Pirate from the North Pole
I was a heavy drug user before but I have been clean for almost a year now and was only a heavy drug user for a year when I started hearing the voices I was 14 and I never laid hands on drugs till I was 16 the voices were there even before I did drugs

Well I wasn't really saying that I think schizophrenia is provoked by drugs, my point was just that it seems clear that it really makes things worst. So excellent idea to stay away from it.

You've posted a couple of times about your voices on the forum and from the sound of it, it seems like you're still having a hard time even with the medication (assuming you are taking it as you're supposed to), so talking to a (real) professionnal is probably the best option if you can afford it...

I mentionned the naturopath because I read a lot of things about ways to cure schizophrenia with alternative medicine and I cured some of my mental problems this way, but they are expensive. I did it alone without professional help, but considering the seriousness of your issues, it's probably a better idea for you to try that under supervision.

Anyway I really hope you find a way to get better. Good luck
 

hexagon_sun

Well-known member
A few years ago I would have just chalked-up your experiences as brain chemistry gone haywire. Now... I'm not so sure. My only recommendation to you is to watch Shutter Island and really think about it...

Tread lightly, watch what you say to people; even family members. As difficult as it may seem, you have to try NOT to react to the voices and thoughts. Don't ignore them. Just don't react; especially if they want you to hurt yourself or others. Listen to them and pick-out inconsistencies and logical flaws. You will find them. Think of it as a game. The objective is to out-smart the voices. And you can!

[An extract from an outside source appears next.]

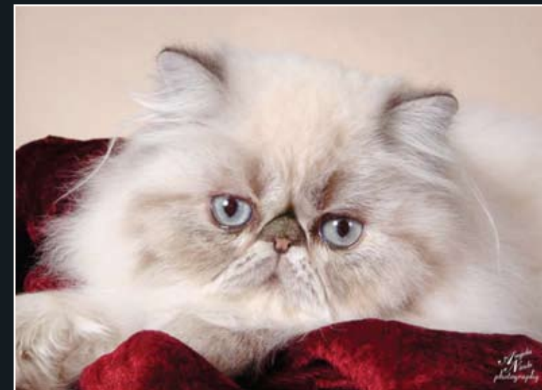
Laurenden Suri of Catortionist Seal lynx point Himalayan Exotic Longhair female kitten.

As a point of reference, the Himalayan GC, BW,

More often than not, being "special" or "chosen" is not a good thing... If you watch the movie, you'll understand what I mean. You have to slowly but surely try to make sense of the chaos in your head. Think of it as gigantic jigsaw puzzle the size of a small hill and you’re tossed in the middle of it. At first it seems overwhelming and seemingly impossible to solve; you feel insane and desperate; but with enough time and PATIENCE, you'll begin to see a picture; one piece at a time... It may not be a pleasant picture, but by the time you reach that point, you will have acquired the wisdom to be able to cope with this reality.

Don't throw-in the towel. Don't give-up. If you do, "the voices" will have won. You have to walk a narrow line. Some days you will fail... there will be many days that you will fail; but you have to get-up and stay the course; one foot in front of the other. It will get easier and you will find that the pursuit of truth will give you sustenance; the drive to want to keep on going.

You may lose your job, your home, your friends, your family; the whole world could be collapsing all around you; but the truth... it'll make it all worthwhile. The truth is the bane of the oppressor. THEY can't handle the truth. If you hold a mirror up to them and make them see who they really are; they will surely fall on the sword. The truth is your weapon; your sword.

...oh and allow yourself to find the humor and irony in things once in a while. It makes it easier to deal with a very scary situation.

Stay strong!
 

MotherWolff

Banned
You should never, ever want to hear voices. Hearing voices is not a good thing. I believe they are just a product of severe mental illness. I advise you to continue your medication to combat or better yet, erase these voices. Unless the meds are actually making the voices worse somehow.

And I think you should attend some group therapy(I do) for a while. Make sure that the groups actually apply to you. You and your dad should really look into that. A therapist and psychiatrist wouldn't hurt to have either.